▸ Try it:
Nothing but the lines below from the one holding "Be reminded to" up to and including the one holding "2.公開(kāi)專欄發(f" should be copied, exactly and without pictures.

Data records
○ ○ ○

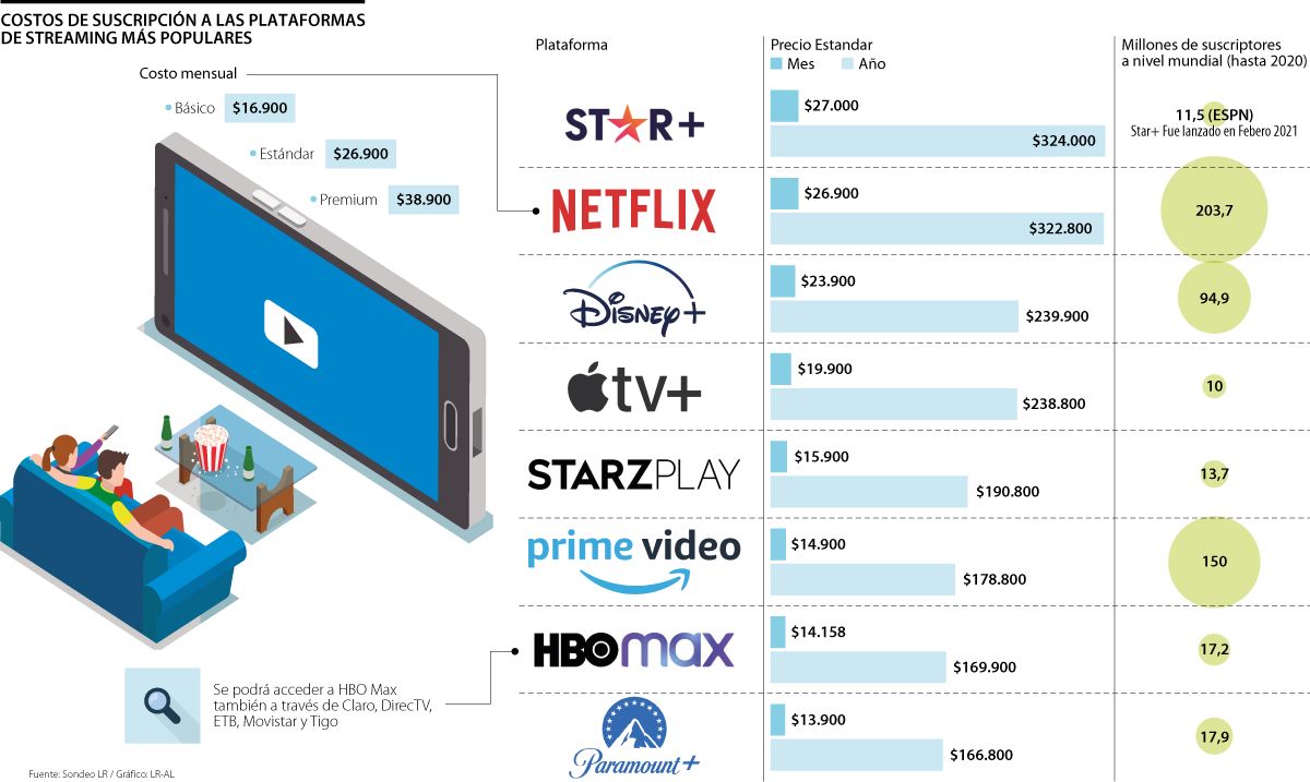 Pero con tanta oferta se ha preguntado ¿cuánto le puede costar tener acceso a todas las plataformas habilitadas en Colombia, o al menos a las más populares?. Para lograr tener una cuenta a las cinco más buscadas a nivel local se necesita una suscripción a cada una, lo que costaría más de $1,2 millones al año sumando las membresías de Netflix, Amazon Prime Video, Disney+, Star+ y HBO Max. En el caso que también se esté suscrito a Apple TV+, StarzPlay y Paramount la cifra ascendería a $1,8 millones (ver gráfico).
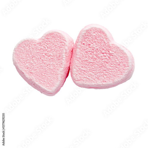 Pink Heart-Shaped Marshmallows Sweet Confectionery Isolated on a transparent background
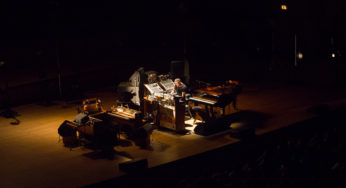 Τρία αρμόνια σε σχήμα πι μεταξύ τους, μερικά ακόμα synths πλάτη σε αυτά, κουμπιά, καλώδια κι ένα πιάνο με ουρά.…
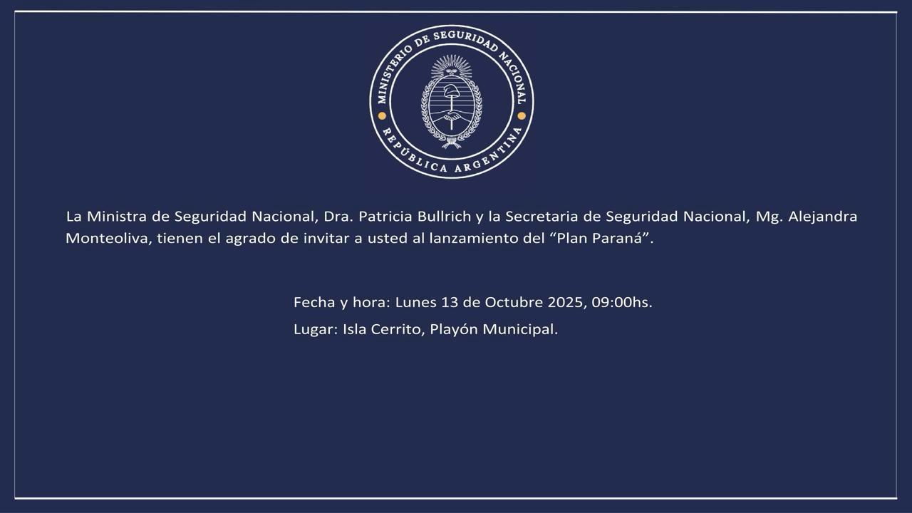 Desde el Ministerio de Seguridad de la Nación, informaron que este lunes 13, a las 9, la titular de la cartera, la Mg. Alejandra Monteoliva visitará La Isla del Cerrito de nuestra provincia para encabezar el lanzamiento del "Plan Paraná".
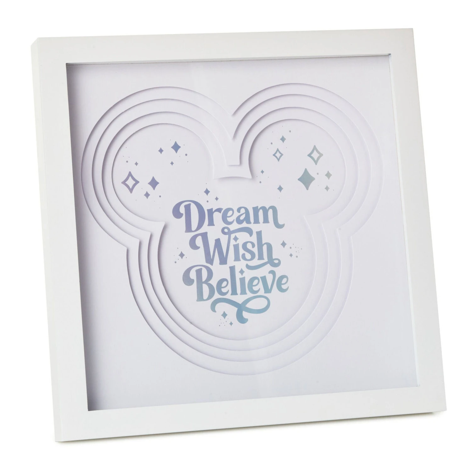 Be reminded to always dream, wish and believe, while sharing in Disney’s 100th anniversary, when you display this charming framed artwork. A silhouette of Mickey’s ears and inspirational words looks stunning in a layered die-cut design of pearlized and iridescent papers. The dimensional piece in a white wood frame makes a delightful gift for any Disney fan.
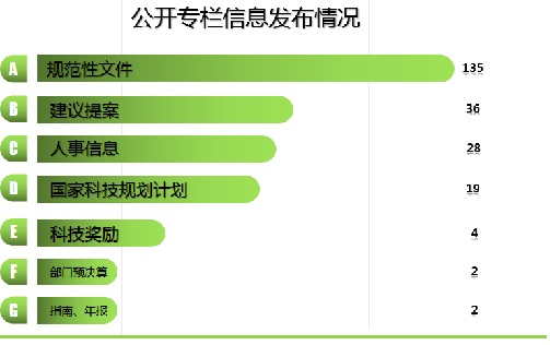 2.公開(kāi)專欄發(fā)布情況。政府信息公開(kāi)專欄完成了《科技部政府信息公開(kāi)指南》修訂并發(fā)布,《2016年科技部政府信息公開(kāi)工作年度報(bào)告》及時(shí)上網(wǎng),科技部2017年度部門預(yù)算、2016年度部門決算均上網(wǎng)公布,共主動(dòng)發(fā)布信息226條。其中,規(guī)范性文件135條,占比59.73%;人大建議和政協(xié)提案復(fù)文36條,占比15.93%;國(guó)家科技規(guī)劃計(jì)劃19條,占比8.41%。
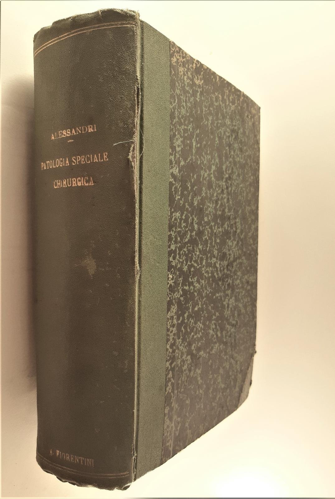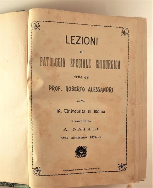 Lezioni di Patologia speciale chirurgica dette dal professor Alberto Alessandri nella regia Universit‡ di Roma e raccolte da Anna Natali anno accademico 1909-10 legatura rigida in mezzo tela con piatti marmorizzati e dorso in tela verde con titoli in oro, una rottura all'angolo inferiore del piatto anteriore, ai margini dei piatti, una rottura trapiatto anteriore e dorso cm 9,5, all'interno appunti scritti amano miniature grigia, ora al margine esterno, numero pagine 1095. Lezioni di patologia speciale chirurgica traumatologia dette dal professor Vincenzo Nicoletti nella regia Universit‡ di Roma e raccolte da A. Natali anno accademico 1909-10
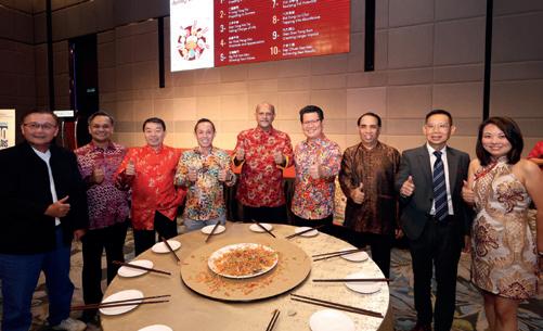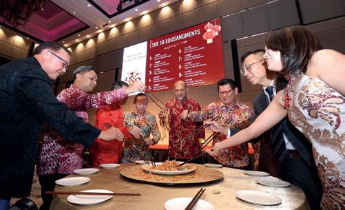 A highlight of the celebration was the traditional yee sang tossing ceremony. Guests tossed the colourful mixture of ingredients high into the air while exchanging wellwishes for prosperity, success and happiness.
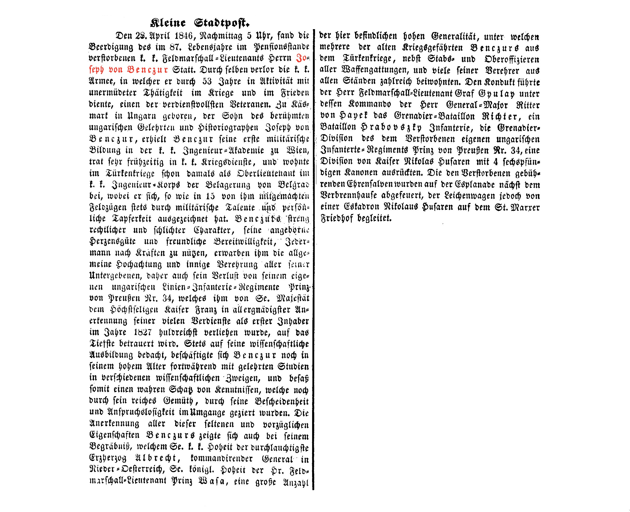 Josef von Benczur, Offizier, FML., † 26.04.1846, Bestattungsdatum: 28.04.1846 im 87. LJ., zuletzt wohnhaft: 1., Singerstraße Nr. 898.
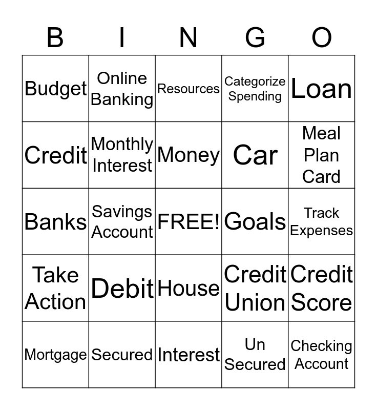 This bingo card has a free space and 24 words: Debit, Secured, Money, Mortgage, Loan, Budget, Credit, Online Banking, Goals, House, Car, Banks, Credit Union, Credit Score, Monthly Interest, Un Secured, Track Expenses, Resources, Meal Plan Card, Savings Account, Checking Account, Take Action, Categorize Spending and Interest.

○ ○ ○

▸ Answer to this problem:
 Be reminded to always dream, wish and believe, while sharing in Disney’s 100th anniversary, when you display this charming framed artwork. A silhouette of Mickey’s ears and inspirational words looks stunning in a layered die-cut design of pearlized and iridescent papers. The dimensional piece in a white wood frame makes a delightful gift for any Disney fan.
 2.公開(kāi)專欄發(fā)布情況。政府信息公開(kāi)專欄完成了《科技部政府信息公開(kāi)指南》修訂并發(fā)布,《2016年科技部政府信息公開(kāi)工作年度報(bào)告》及時(shí)上網(wǎng),科技部2017年度部門預(yù)算、2016年度部門決算均上網(wǎng)公布,共主動(dòng)發(fā)布信息226條。其中,規(guī)范性文件135條,占比59.73%;人大建議和政協(xié)提案復(fù)文36條,占比15.93%;國(guó)家科技規(guī)劃計(jì)劃19條,占比8.41%。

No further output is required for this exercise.